Farrell bought it out of foreclosure in 2022 and completely rehabbed it, including restoring two vintage barns on the site. The eight-month renovation turned an abandoned project into what she calls a “classic transitional modern Hampton home with a neutral color palette that feels inviting and calming.”
“It was like a gift that we could walk into this home, reimagine it, move a few walls around, finish the unfinished space and bring new life into additional outbuildings,” she says.


The reimagined compound sold in September 2023 for $27,500,000 — but not before Leonardo DiCaprio rented it for a weekend with a group of friends. (Local media reports note he obeyed the rules and left the house as pristine as he found it.)
The project was also the testing ground for a concept she’s hoping will be a key component of her business model: partnerships with makers of “products for living” that include furnishings, bedding, appliances and customized home gym equipment — even paint color collections for Sherwin-Williams imbued by her aesthetic and personal back stories.
For the Sagg Main project, Farrell sought out Technogym as the exclusive provider for the room she describes as more of a wellness space than a gym.
“I immediately saw its potential to feel like an extension of the home,” she says. “I didn’t want to transition to a cold porcelain or concrete tile floor.
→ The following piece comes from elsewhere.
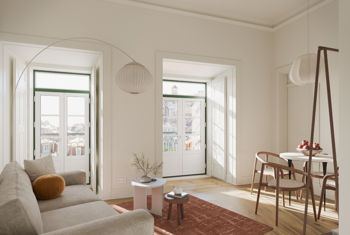 1 Bedroom apartment, new, with 47 sqm (gross floor area), at the Rocio Salema Courtyard project, in Praça do Rossio, Lisbon. The Rocio – Salema Courtyard, a building comprising 36 studio, 1-bedroom, 1-bedroom duplex and 2-bedroom duplex apartments, is located next to one of the most iconic squares in Lisbon, Praça do Rossio.This corner of Lisbon that marvels people from all over the world represents in a perfect manner the intersection between heritage and modernity, which results in a picturesque and welcoming space in the centre of the hustle and bustle of the city. Despite being a rehabilitated building, the Rocio – Salema Courtyard has kept its typical Lisbon structure and the original three storeys, overlooking the river. The Rocio is the ideal address for those wanting to live or invest in one of the most vibrant cities due to the constant tourism growth. The development is near important monuments of the metropolis, such as the statue of D. Pedro IV, the Teatro D. Maria II and the Coliseu dos Recreios. Next to Praça do Rossio, the building has a privileged location in terms of transport, at a short distance from the underground, bus and the Rossio train station. This is the perfect opportunity for those wanting to be where the action is while having a luxurious haven to call home.

I wanted all warm colors and to make an inviting space … less like an industrial gym and more specifically like a wellness space. The wellness conversation is a huge piece of what I like to integrate into the home.”
Kristen’s crystal ball
She’s taking that concept on the road and broadening it in a current venture in Stevensville, Mont., a town of about 2,000 people 30 miles south of Missoula. An avid hiker, Farrell had been trekking in Glacier National Park the past decade, fell in love with the beauty and lifestyle and looked for an opportunity to leverage that in a construction project. She found that in the Bitterroot Valley, known for its diverse outdoor lifestyle and, more recently, as the backdrop for the “Yellowstone” series. At the end of 2023, she closed on a 20-acre property with a four-bedroom house, a river and a pond at the base of a main hiking trail, incorporating the broader wellness concept of the great outdoors. The renovations were slated for completion last August, with plans to furnish it in context of the locale.
The experience so far—and so far from the glittery beaches of the Hamptons — has exceeded her expectations.


“I definitely plan on developing more out there, but with the same intention I’ve always brought to my work,” she says. “Not just throw product into the marketplace, but to bring a unique vision to that market one project by one.”
Farrell says she’s proud to be one of the few female builders out there and to have gained respect from the tradesmen and all other stakeholders in the complicated process of design-to-build. But, in the end, she says, it’s her vision for the end product as a home for someone that drives her.
“For me, it’s about the feeling that comes from the intention at the start of the process and carried through with authenticity ’til the end. That’s what I’m about personally and I really want that to show in my work product.”